Likewise, despite Chinese procrastination, the government has steadily pushed for a final settlement of the Sino-Indian border dispute. The recent visit of Chinese President Hu Jintao gives a feel of the texture of New Delhi’s global policies. The latest Sino-Indian joint communiqué talks of the “global and strategic” significance of the relations between the two countries — a factual description of the current reality. It says that the two countries do not see themselves as “rivals or competitors but [are] partners for mutual benefit”. This sounds somewhat rhetorical, but is again true in that the unmoderated rivalry and competition between two nuclear armed States in a globalised economy is tantamount to mutually assured destruction. So the statement adds that “they agree that there is enough space for them to grow together”, a practical and forward-looking formulation. While the opacity we have referred to does cloud a better understanding of Chinese policies towards India, the facts are that Beijing is shifting towards a neutral position on the India-Pakistan issues, especially on Kashmir.

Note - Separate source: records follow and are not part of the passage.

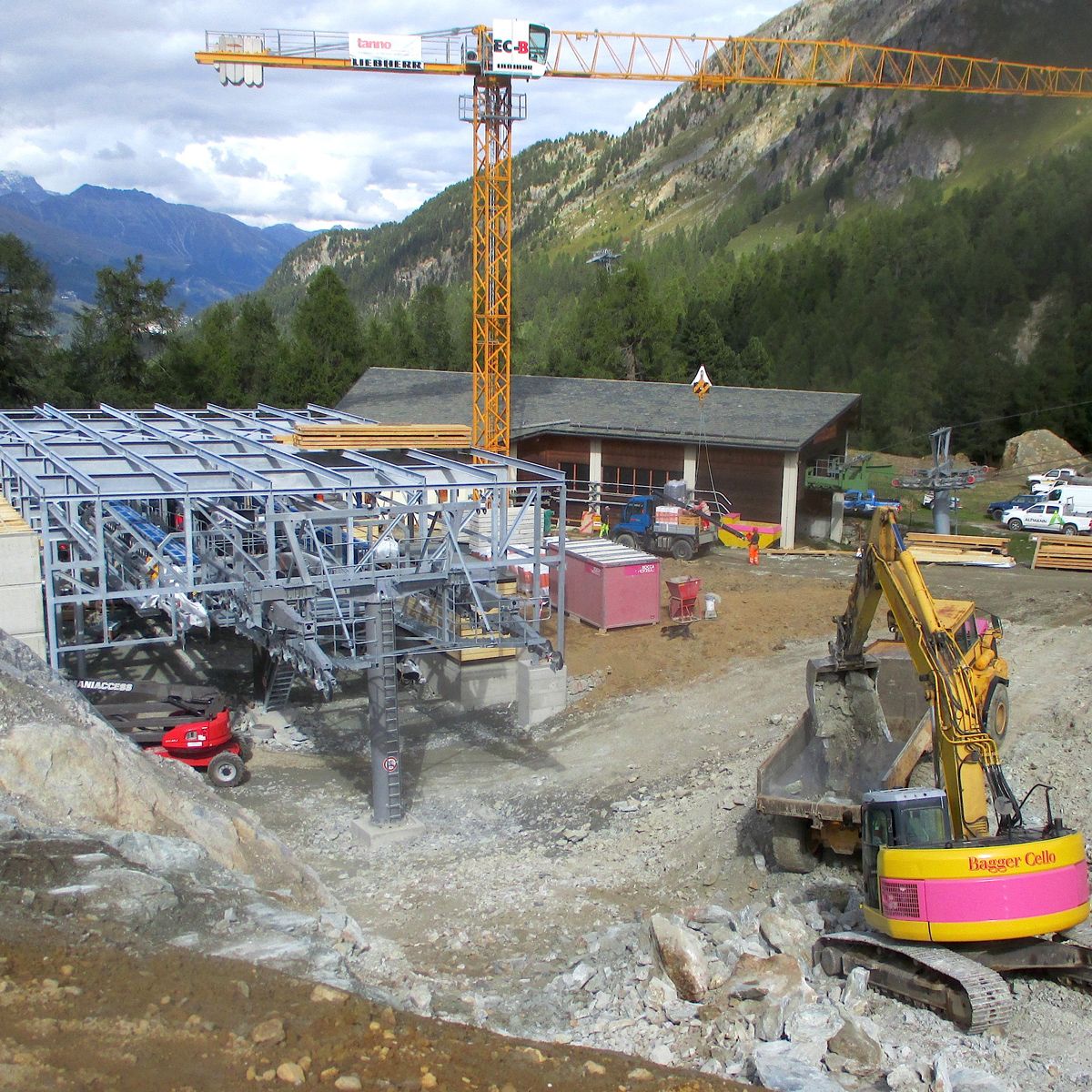 Auf der Alp Surlej stehen Lastwagen, Bagger und sogar ein Kran. Grund dafür ist die Grossbaustelle der neuen Curtinella Sechser Sesselbahn. Diese wird neben der Talstation der Surlej Sesselbahn stehen und die Skifahrer zu den Pisten von Furtschellas bringen.
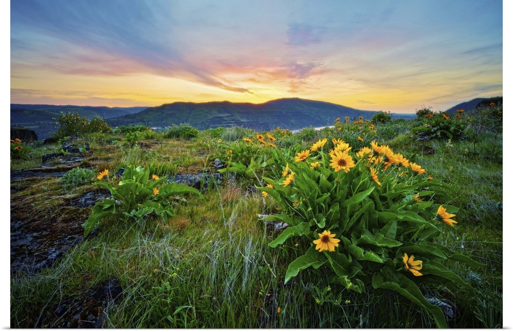 <p>Balsamroot blooms at Rowena Crest in the Columbia Gorge.</p>
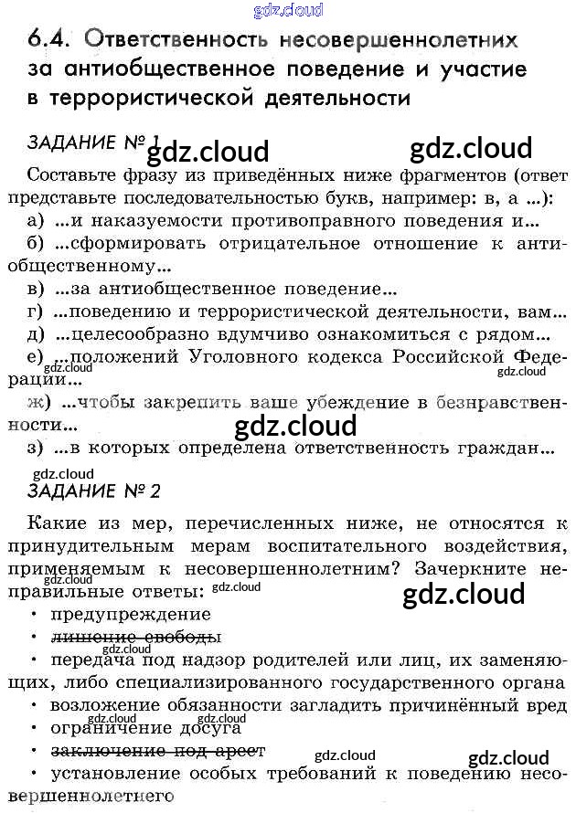 Ответы к главе 6 по ОБЖ 5 класс Рабочая тетрадь Смирнов Просвещение
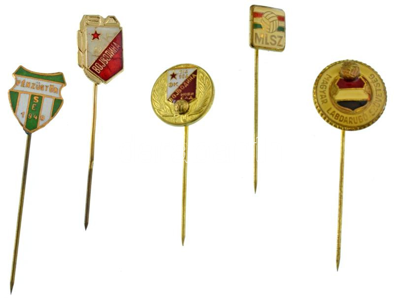 Beschreibung: 5db-os labdarúgás témájú jelvénytétel, benne MLSZ (Magyar Labdarúgó Szövetség, 2xklf), FK Vojvodina (2xklf), Pénzügyőr SE T:AU,XF
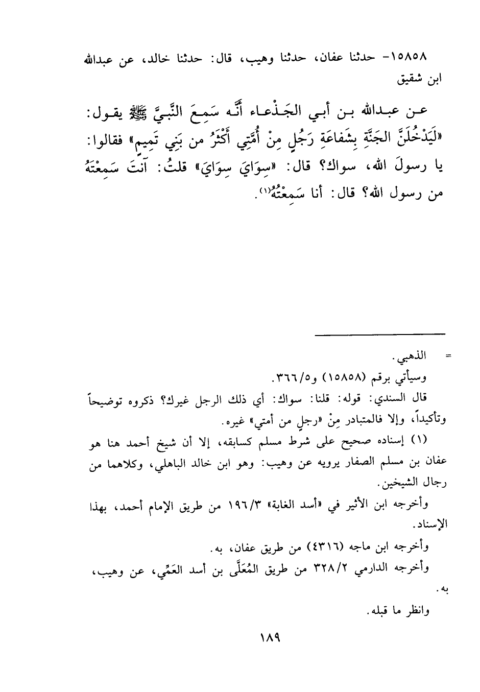 ١٥٨٥٨ - حَدَّثَنَا عَفَّانُ، حَدَّثَنَا وُهَيْبٌ، قَالَ: حَدَّثَنَا خَالِدٌ، عَنْ عَبْدِ اللهِ بْنِ شَقِيقٍ، عَنْ عَبْدِ اللهِ بْنِ أَبِي الْجَذْعَاءِ، أَنَّهُ سَمِعَ النَّبِيَّ صَلَّى اللهُ عَلَيْهِ وَسَلَّمَ يَقُولُ: " لَيَدْخُلَنَّ الْجَنَّةَ بِشَفَاعَةِ رَجُلٍ مِنْ أُمَّتِي أَكْثَرُ مِنْ بَنِي تَمِيمٍ " فَقَالُوا: يَا رَسُولَ اللهِ، سِوَاكَ؟ قَالَ: " سِوَايَ سِوَايَ " قُلْتُ: آنْتَ سَمِعْتَهُ مِنْ رَسُولِ اللهِ؟ قَالَ: أَنَا سَمِعْتُهُ (١)
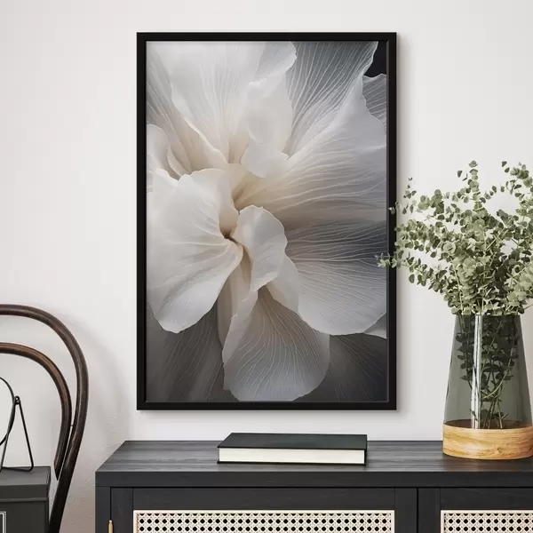 Poster Nahaufnahme von zarten, abstrakten weißen Blütenblättern mit filigranen Linien und einem verschwommenen dunklen Hintergrund Nr f47018
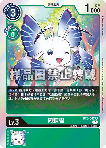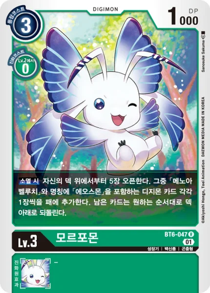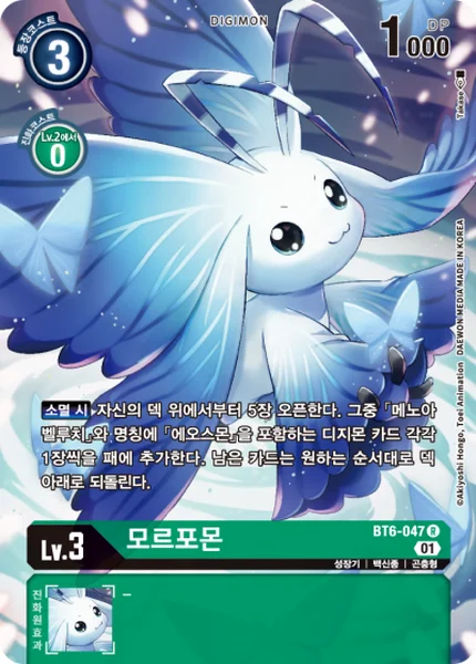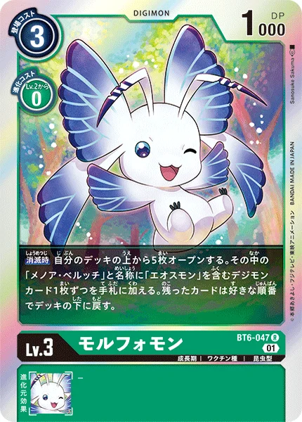 On Deletion Reveal the top 5 cards of your deck. Add 1 [Menoa Bellucci] and 1 Digimon card with [Eosmon] in its name among them to your hand. Place the remaining cards at the bottom of your deck in any order.
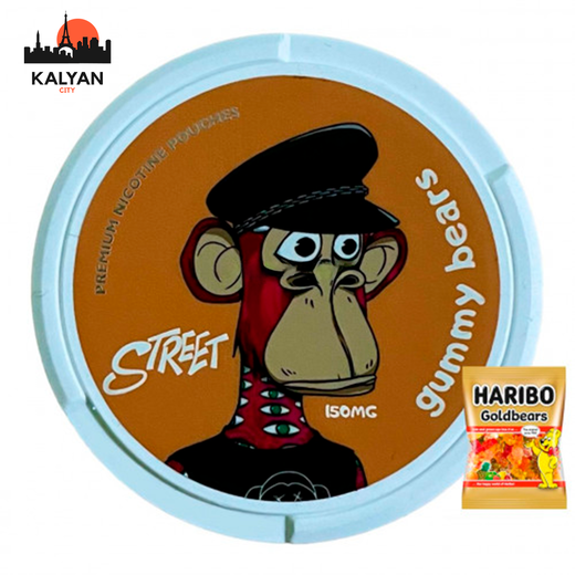 Street Gummy Bears 150 mg (Мармеладні Ведмедики) – це не просто солодкий спогад з дитинства, а справжній виклик для твоїх рецепторів! Кожен з 25 яскравих паучів приховує в собі не лише улюблений смак мармеладних ведмедиків, але й нищівну міць. Цей снюс – зухвалий нікотиновий продукт, де грайливість зустрічається з екстремальною міцністю. Одна порція – це цілий пакетик задоволення та колосальні 150 мг нікотину. Готовий до такого неочікуваного повороту?
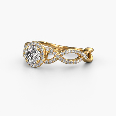 The ring shown above is called the Dionne rnd. We call this type of ring a pavé solitaire ring because it has one centre gemstone and a band that is also pave set with gemstones. The 14 Carat gold engagement ring is set with a round 0.50 crt diamond centre stone and the band is pave set with diamond gemstones. Each jewel is made just for you by our master goldsmiths in our own studio.This classic gold pavé solitaire engagement ring has an exquisite round diamond centre stone. To further accentuate the centre stone, the band is fully set with more diamonds. Its open prong setting allows light to strike the diamond from various angles and this adds sparkle to your diamond ring. The photo shown above depicts the goldsmith's carefully handcrafted details of the ring. The high positioning of the centre stone is truly eye-catching. The perfect engagement ring for the crown jewel of your life! Because we design and deliver our own rings, we can offer you a engagement ring at a price you won't find anywhere else. A ring is made to order, which helps prevent excess supplies, so we can make you a great price offer. We understand it feels risky, buying your engagement ring online, but we will gladly assist in the designing process, taking your budget into consideration.Do you have a specific ring in mind? One you came across somewhere. Please feel free to tell us your wishes and we will turn your design into a unique engagement ring. You can follow the development of your ring design because we use 3D drawings. This gives you a realistic preview of your design. We will gladly send you a non-binding offer, based on a fair price/ quality ratio. It will amaze you.To make it easier for you, we offer a 30 day return policy. Check our terms and conditions.

The broader Indian strategy, as probably that of China, is to enhance relations with a cross-section of important countries — the US, the EU, Japan, Russia, the Asean, South Africa, Brazil, etc. Based on the values that shape our nation and its foreign policies — secularism and democracy — it is inevitable that our ties with some countries will have a flavour quite different from those of others. But this does not mean that one set of relations will be benevolent, and the other conflict-ridden.
As long as human relationships are about power, the only way to promote restraint is to maintain a balance of power. But where in the past this was seen as a zero-sum game, in today’s inter-dependent world, it requires an appreciation of the balance of interests of various nations.
In this new vision of the world, too much is at stake to allow the national security bureaucracies to decide the direction of policies. While we must heed their views with all the seriousness they deserve, because it is their task to keep track of the family silver, we cannot allow them to run away with the agenda. They have the right to be suspicious of our real and potential adversaries. But suspicion unrelieved by any effort towards amelioration usually becomes paranoia. It breeds a ‘fortress mentality’ that takes comfort in hiding behind the high walls of national security. But the threats outside will inevitably breach the walls if not countered, through flexible and innovative strategies, at some remove from the walls of our fort.